この世界に来るまでは、生きていることで精一杯だった。そんな彼女に恋愛をする余裕もなく、胸をときめかせる出会いもなかった。
しかし、今は違う。
まだまだ華奢な体つきとはいえ、明日とも知れない命ではない。
恋をすることも、お嫁さんになることも叶うのだ。
そのことを青年の言葉で実感し、サワは急に照れくさくなってしまった。
――そ、そっか。私、いつか結婚するかもしれないんだ……。
地球に戻ることはできないから、結婚するのであれば、この世界の誰かということになる。
彼女がいるこの世界のどこかには、未来の旦那様が存在しているということだ。
まだまだ漠然としていて、恋すらもよく分からないサワではあるが、そう考えるだけで、すごく温かい気持ちになれる。

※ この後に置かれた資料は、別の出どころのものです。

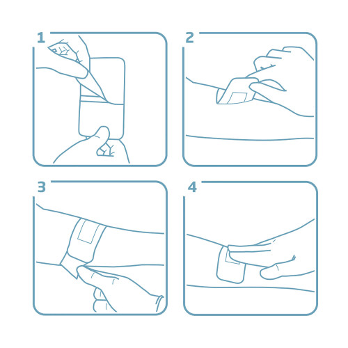 2. Applizieren Sie die Fläche mit dem Silikonauftrag auf der Haut, sodass die Wundauflage auf der Wunde platziert ist.
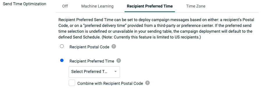 The Recipient Preferred Time option lets you optimize Campaign deployment based on data imported into the platform from a third-party source. The Preferred Time must be stored in a Date / Time field. The platform will consider only the hour component of the Date / Time value; the date, minute, and second components are ignored.
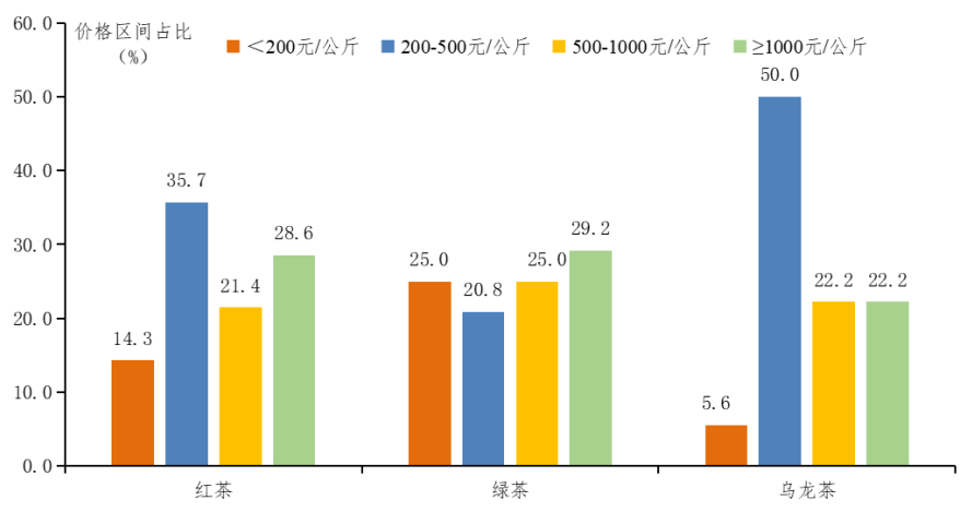 广东规模基地干茶价格区间占比图

――生きているって、本当にいいな。未来があるって、本当に幸せだな。
自分にも父と母と同じような、明るい家庭が持てるのだ。
寝たきりの頃ではあまりに遠いところにあった夢が、こうして、手の届くところにある。
そのことはサワにとって、本当に本当に幸せなことだった。
「ちゃんとお料理できるように、頑張ります!そして、絶対にお嫁さんになります!」
小さな手でこぶしを握り、ムン、と気合いを入れる彼女に、青年が「その意気ですよ」と優しく返す。
と、そこで、サワが我に返った様にハッと息を呑んだ。
「でも、結婚は一人じゃできないんですよね……。相手がいないと、私、お嫁さんになれない……」
どんなにサワが頑張ったところで、結婚してくれる男性がいないことには話が成立しない。
世界が変わっても、それだけは変わらない普遍の事実。
途端にしょぼくれるサワに、青年が慌てた。
「サ、サワ様!大丈夫です!サワ様は絶対に結婚できます!ですから、どうかご安心ください!」
ガクリとうなだれるサワに、青年は必死に声をかける。
しかし、彼女は尚も視線を下げたまま。眉毛もしょんぼりと下がっている。
そんな二人のやり取りに、なんだ、なんだと、厨房内の人間が集まってきた。
「どうか、そんな悲しいお顔はなさらないでください!サワ様は、絶対に絶対に結婚できます!!ええ、絶対です!!」
青年に力強く断言されるも、サワの表情は変わらない。
「そうでしょうか?私みたいなつまらない女の子を、もらってくれる人が現れるでしょうか?」
――サフィルイア様がいるではありませんか!!
その場にいるサワ以外の人間は、この国の後継者の想いに気が付いている。
そんな彼らは、心の中でそう大きく叫んだのだった。